(Dataset entries)
"""
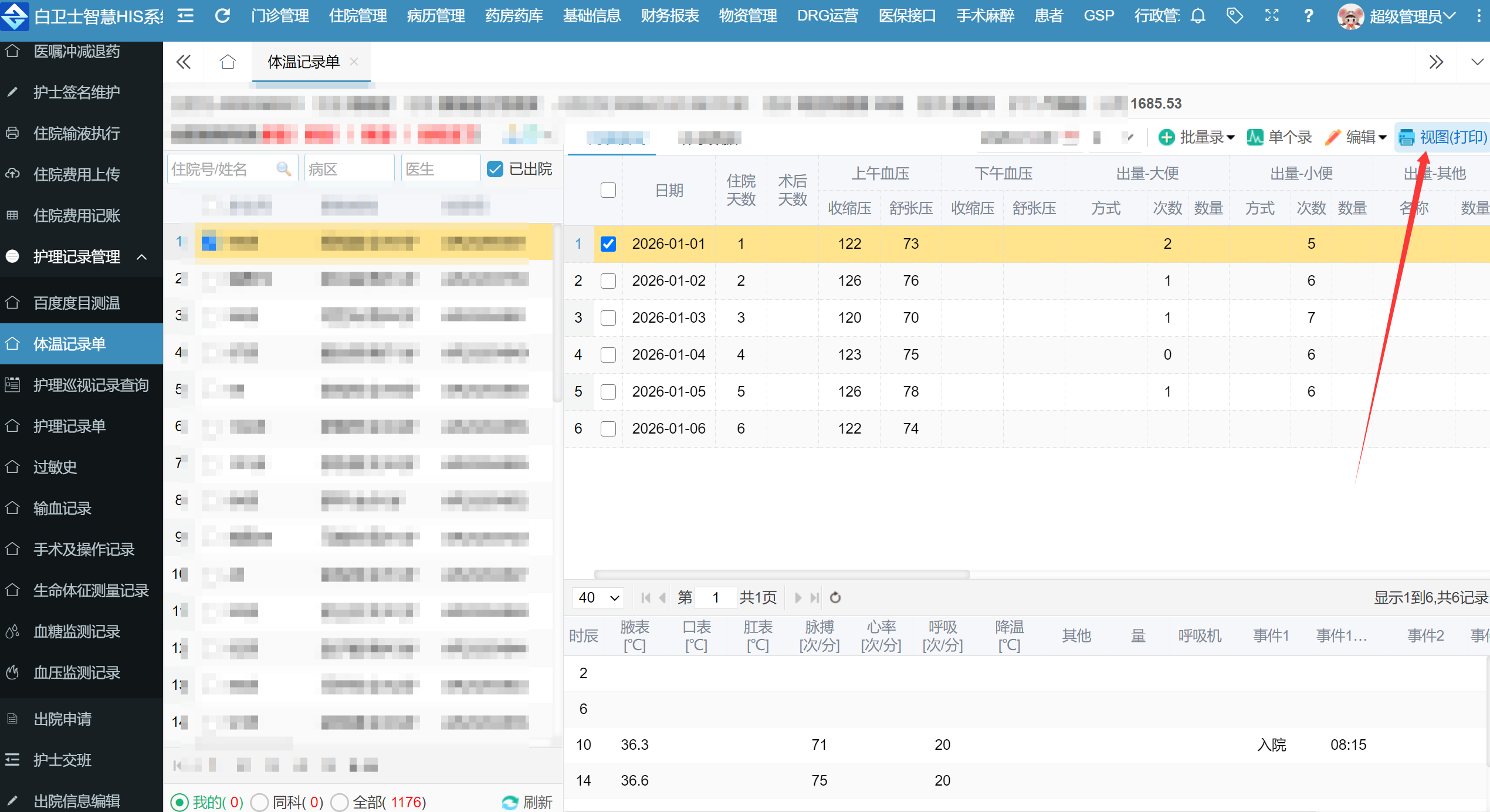 住院管理-护士工作站-护理记录管理-体温记录单-视图(打印)
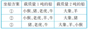 (2)因为1吨=1000千克,小牛的质量是600千克,所以另一只小动物的质量小于或等于1000-600=400(千克),都可以和小牛同时过桥。观察情境图发现,小熊和小狮子的质量都小于400千克,可以分别和小牛同时过桥。
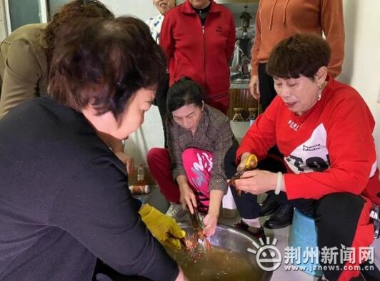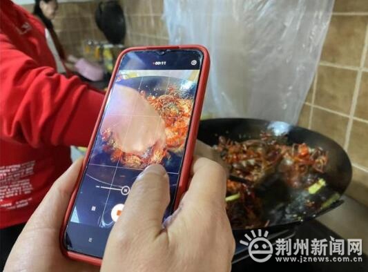 上午10点,荆州区菱角湖管理区楚源社区广场舞蹈队的多名队员来到一家餐馆,他们带来的拿手菜是油焖大虾。舞蹈队队员们手脚麻利,一大盆小龙虾很快被清理干净,记者注意到其中一名舞蹈队队员并没有参与做菜,而是拿着手机记录过程。烧油、放佐料、翻炒、慢炖,半个小时后,色香味俱全的油焖大虾做好了,伙伴们立即围过来尝鲜。这开心的一幕幕也被兰姨妈用手机记录了下来。
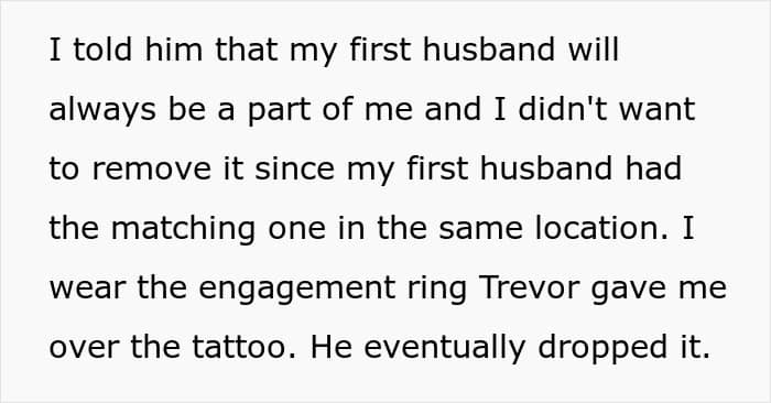 She says she understands why he might not want his future wife to have her ex-husband’s name on that symbolic finger. But suggests that Trevor buys her a wide wedding band.
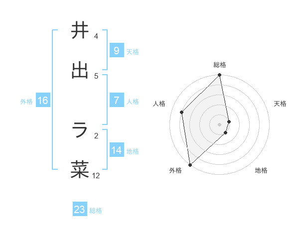 井出 ラ菜さんを姓名の画数から五運を鑑定
"""
**Your objective:**
Begin at the first line of the entries and stop after the line holding "上午10点,荆州区菱角湖管理"; repeat those lines exactly, but not the pictures.

**Output for this exercise:**
 住院管理-护士工作站-护理记录管理-体温记录单-视图(打印)
 (2)因为1吨=1000千克,小牛的质量是600千克,所以另一只小动物的质量小于或等于1000-600=400(千克),都可以和小牛同时过桥。观察情境图发现,小熊和小狮子的质量都小于400千克,可以分别和小牛同时过桥。
 上午10点,荆州区菱角湖管理区楚源社区广场舞蹈队的多名队员来到一家餐馆,他们带来的拿手菜是油焖大虾。舞蹈队队员们手脚麻利,一大盆小龙虾很快被清理干净,记者注意到其中一名舞蹈队队员并没有参与做菜,而是拿着手机记录过程。烧油、放佐料、翻炒、慢炖,半个小时后,色香味俱全的油焖大虾做好了,伙伴们立即围过来尝鲜。这开心的一幕幕也被兰姨妈用手机记录了下来。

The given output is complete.